TCP/IP over InfiniBand – IPoIB on all node. • Both GbE and IB interfaces, eth0 and ib0 named. • Example. – Node compute-x-y has two interfaces. – cx-y is the eth0 interface. – ib-x-y is the ib0 interface scp gamessplus.tar.bz2 compute-9-1.local:/tmp/gamessplus.tar.bz2. 100% 722MB 55.5MB

Cluster performance, how to get the most out of Abel PDF

32 Pages·2013·0.82 MB·English

by Ole Saastad

Checking for file health...

Download

Upgrade Premium

Most books are stored in the elastic cloud where traffic is expensive. For this reason, we have a limit on daily download.

Download Cluster performance, how to get the most out of Abel PDF Free - Full Version

by Ole Saastad| 2013| 32 pages| 0.82| English

Download Cluster performance, how to get the most out of Abel by Ole Saastad in PDF format completely FREE. No registration required, no payment needed.

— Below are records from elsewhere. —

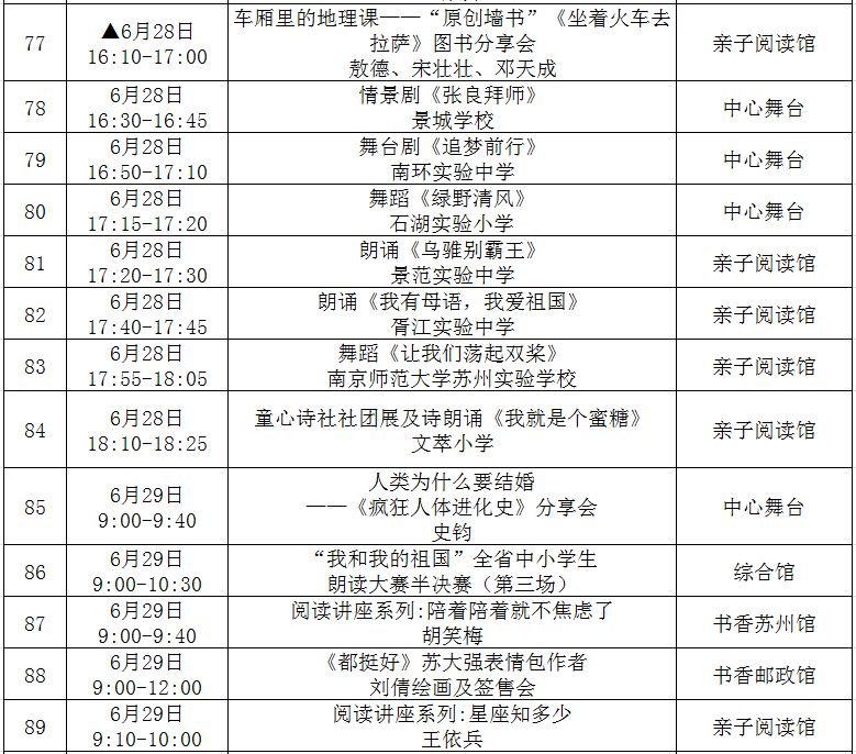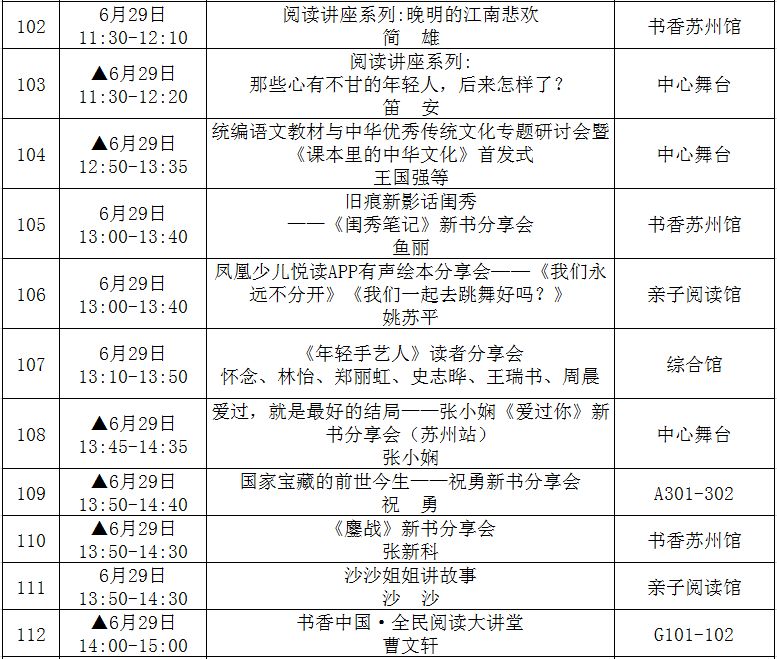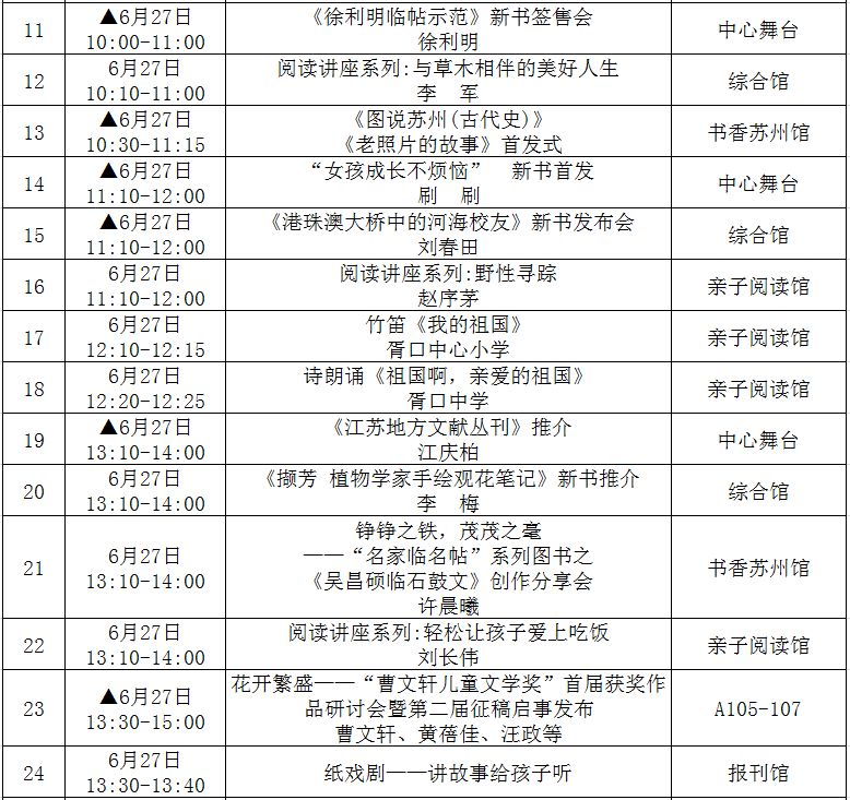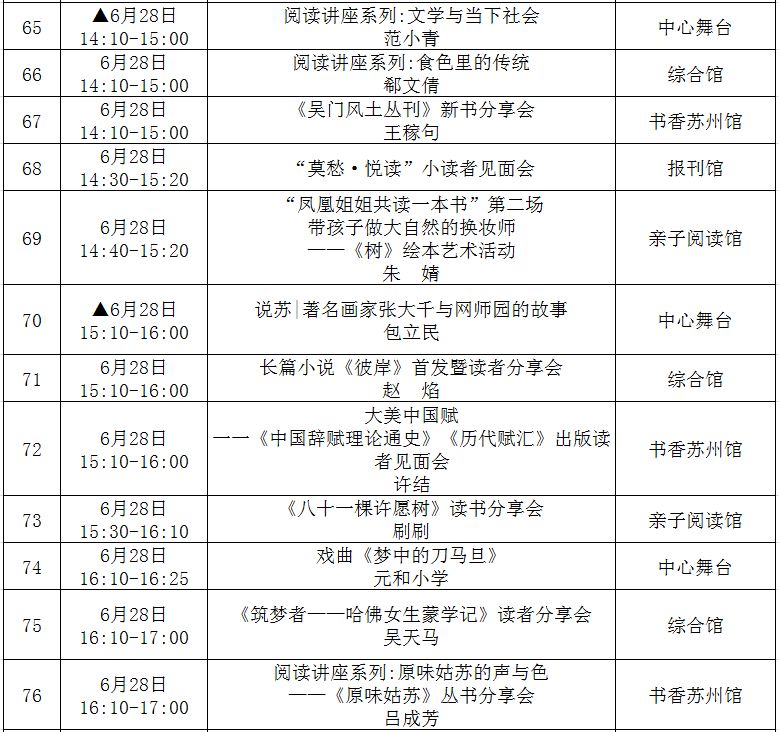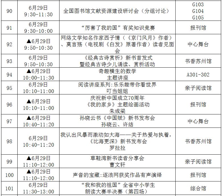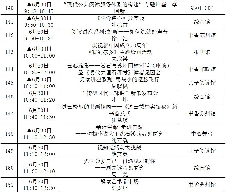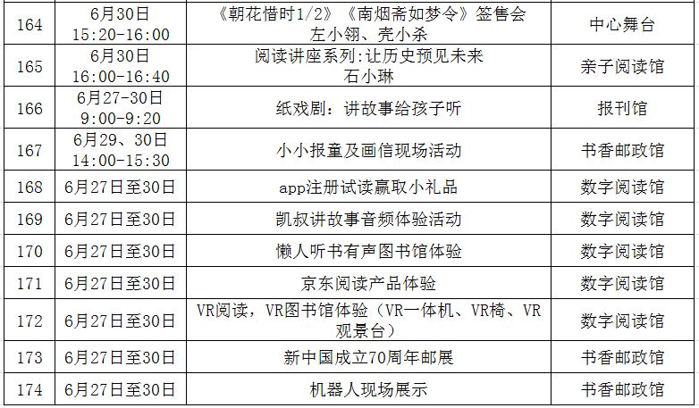 (带▲标为重点阅读推广活动,此表仅供参考,活动以现场组织为准!)
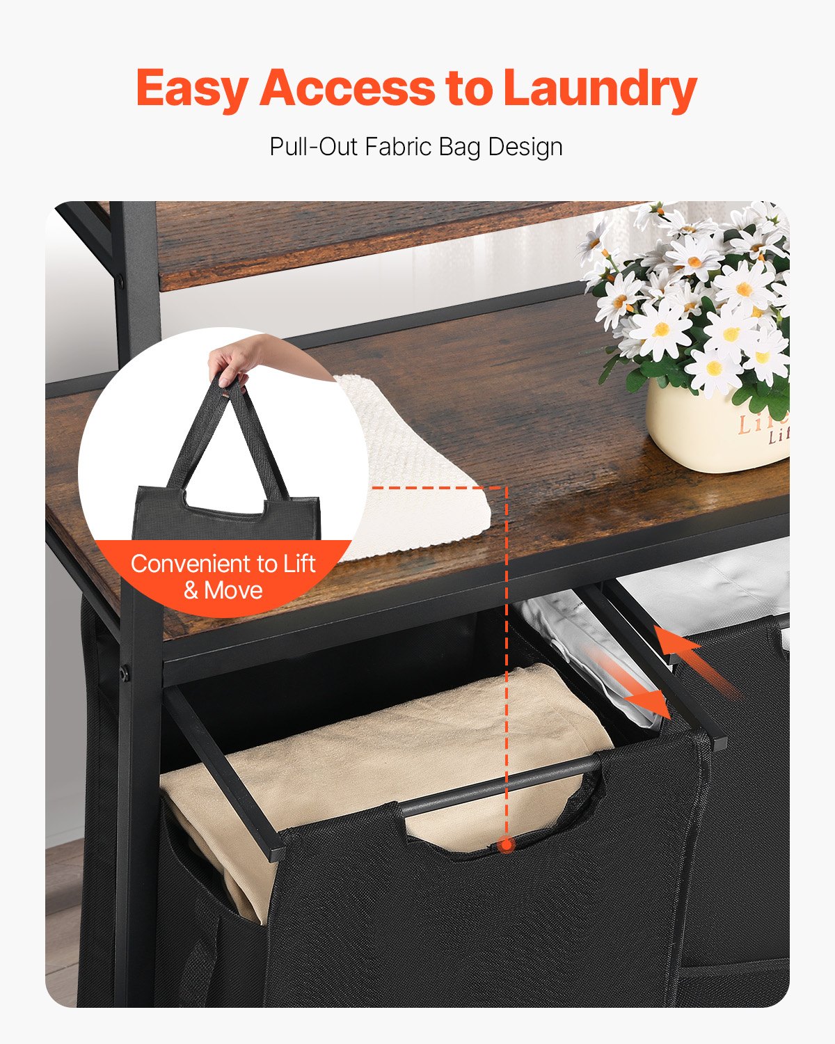 VEVOR Wäschekorb Wäschesortierer mit 4 Ebenen (600D Oxfordstoff), Wäschesammler mit Leiterregalen, Wäschetrenner Wäsche-Sortiersystem für schmutzige Kleidung Waschküche Schwarz
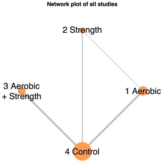 This research uses network meta-analysis (NMA)—a method that enables the simultaneous comparison of multiple interventions—to address the current knowledge gap regarding the efficacy of exercise interventions on quality of life (QoL) in advanced cancer patients []. NMA has the advantage over standard systematic reviews and pairwise meta-analyses in that it allows the comparison of several exercise interventions simultaneously. This approach builds a full network of evidence, including direct comparisons among interventions and indirect comparisons across the studies. This systematic review and network meta-analysis aimed to identify the most effective exercise modalities for improving quality of life (QoL) in patients with advanced-stage cancer. Critically, no prior synthesis has ranked exercise interventions across different cancer types within this population. By mapping the full intervention network, this study provides a comparative analysis of aerobic, strength, and combined exercise strategies to inform evidence-based recommendations for supportive cancer care.

Get instant access to this valuable resource on PDFdrive.to!

Free Download PDF

About Cluster performance, how to get the most out of Abel

TCP/IP over InfiniBand – IPoIB on all node. • Both GbE and IB interfaces, eth0 and ib0 named. • Example. – Node compute-x-y has two interfaces. – cx-y is the eth0 interface. – ib-x-y is the ib0 interface scp gamessplus.tar.bz2 compute-9-1.local:/tmp/gamessplus.tar.bz2. 100% 722MB 55.5MB

Detailed Information

Author:	Ole Saastad
Publication Year:	2013
Pages:	32
Language:	English
File Size:	0.82
Format:	PDF
Price:	FREE

Download Free PDF

Safe & Secure Download - No registration required

Why Choose PDFdrive for Your Free Cluster performance, how to get the most out of Abel Download?

100% Free: No hidden fees or subscriptions required for one book every day.
No Registration: Immediate access is available without creating accounts for one book every day.
Safe and Secure: Clean downloads without malware or viruses
Multiple Formats: PDF, MOBI, Mpub,... optimized for all devices
Educational Resource: Supporting knowledge sharing and learning

Frequently Asked Questions

Is it really free to download Cluster performance, how to get the most out of Abel PDF?

Yes, on https://PDFdrive.to you can download Cluster performance, how to get the most out of Abel by Ole Saastad completely free. We don't require any payment, subscription, or registration to access this PDF file. For 3 books every day.

How can I read Cluster performance, how to get the most out of Abel on my mobile device?

After downloading Cluster performance, how to get the most out of Abel PDF, you can open it with any PDF reader app on your phone or tablet. We recommend using Adobe Acrobat Reader, Apple Books, or Google Play Books for the best reading experience.

Is this the full version of Cluster performance, how to get the most out of Abel?

Yes, this is the complete PDF version of Cluster performance, how to get the most out of Abel by Ole Saastad. You will be able to read the entire content as in the printed version without missing any pages.

Is it legal to download Cluster performance, how to get the most out of Abel PDF for free?

https://PDFdrive.to provides links to free educational resources available online. We do not store any files on our servers. Please be aware of copyright laws in your country before downloading.

The materials shared are intended for research, educational, and personal use in accordance with fair use principles.